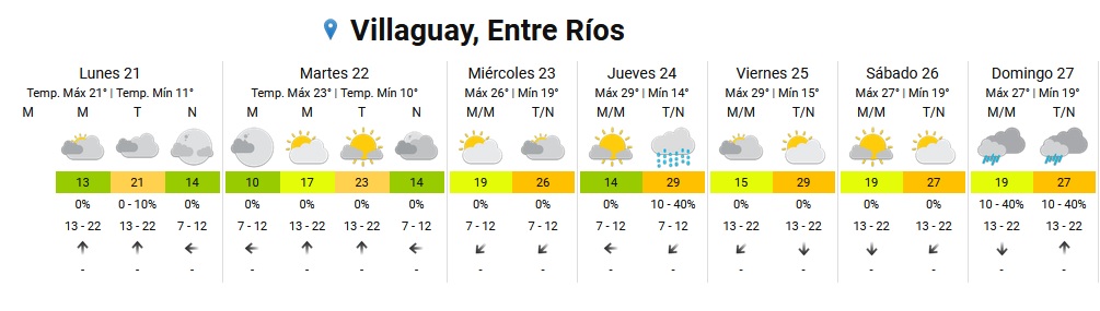 En Villaguay, Paraná y La Paz, por su parte, se esperan precipitaciones para el jueves y el domingo.En Concordia se prevén lluvias y chaparrones para hoy, el miércoles, jueves y domingo; y en Gualeguay, el martes, jueves, viernes y domingo.Según el SMN, las temperaturas oscilarán entre los 11ºC y los 21ºC en nuestra provincia. Pero entre el jueves y el sábado, las máximas treparán hasta 10 grados y se ubicarán entre los 28ºC y 31ºC.
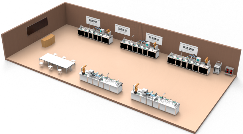 智能制造工業生產流水線教學實訓實訓室主要涉及在較為復雜環境下,運用所學的邏輯控制、順序控制等技能,實現小型自動化傳送系統的正常運行。通過對系統狀態分析,使學生在實訓環境中掌握 PLC程序編寫,觸摸屏編程,通訊和變頻器調試,系統診斷。同時還可進行高級語言編程、柔性生產、工廠數據分析、工藝優化、質量管理等智能制造相關的進階訓練科目內容。
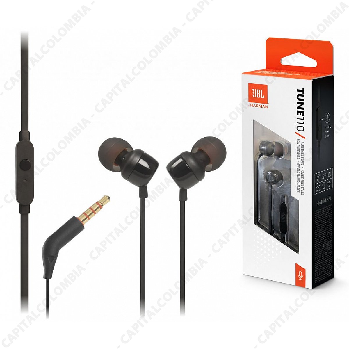 Auriculares Audifonos JBL T110 color Negro Pure Bass Manos Libres

◆ **What you will do**
Transcribe each line above exactly, pictures excluded.

◆ **Answer area**
 En Villaguay, Paraná y La Paz, por su parte, se esperan precipitaciones para el jueves y el domingo.En Concordia se prevén lluvias y chaparrones para hoy, el miércoles, jueves y domingo; y en Gualeguay, el martes, jueves, viernes y domingo.Según el SMN, las temperaturas oscilarán entre los 11ºC y los 21ºC en nuestra provincia. Pero entre el jueves y el sábado, las máximas treparán hasta 10 grados y se ubicarán entre los 28ºC y 31ºC.
 智能制造工業生產流水線教學實訓實訓室主要涉及在較為復雜環境下,運用所學的邏輯控制、順序控制等技能,實現小型自動化傳送系統的正常運行。通過對系統狀態分析,使學生在實訓環境中掌握 PLC程序編寫,觸摸屏編程,通訊和變頻器調試,系統診斷。同時還可進行高級語言編程、柔性生產、工廠數據分析、工藝優化、質量管理等智能制造相關的進階訓練科目內容。
 Auriculares Audifonos JBL T110 color Negro Pure Bass Manos Libres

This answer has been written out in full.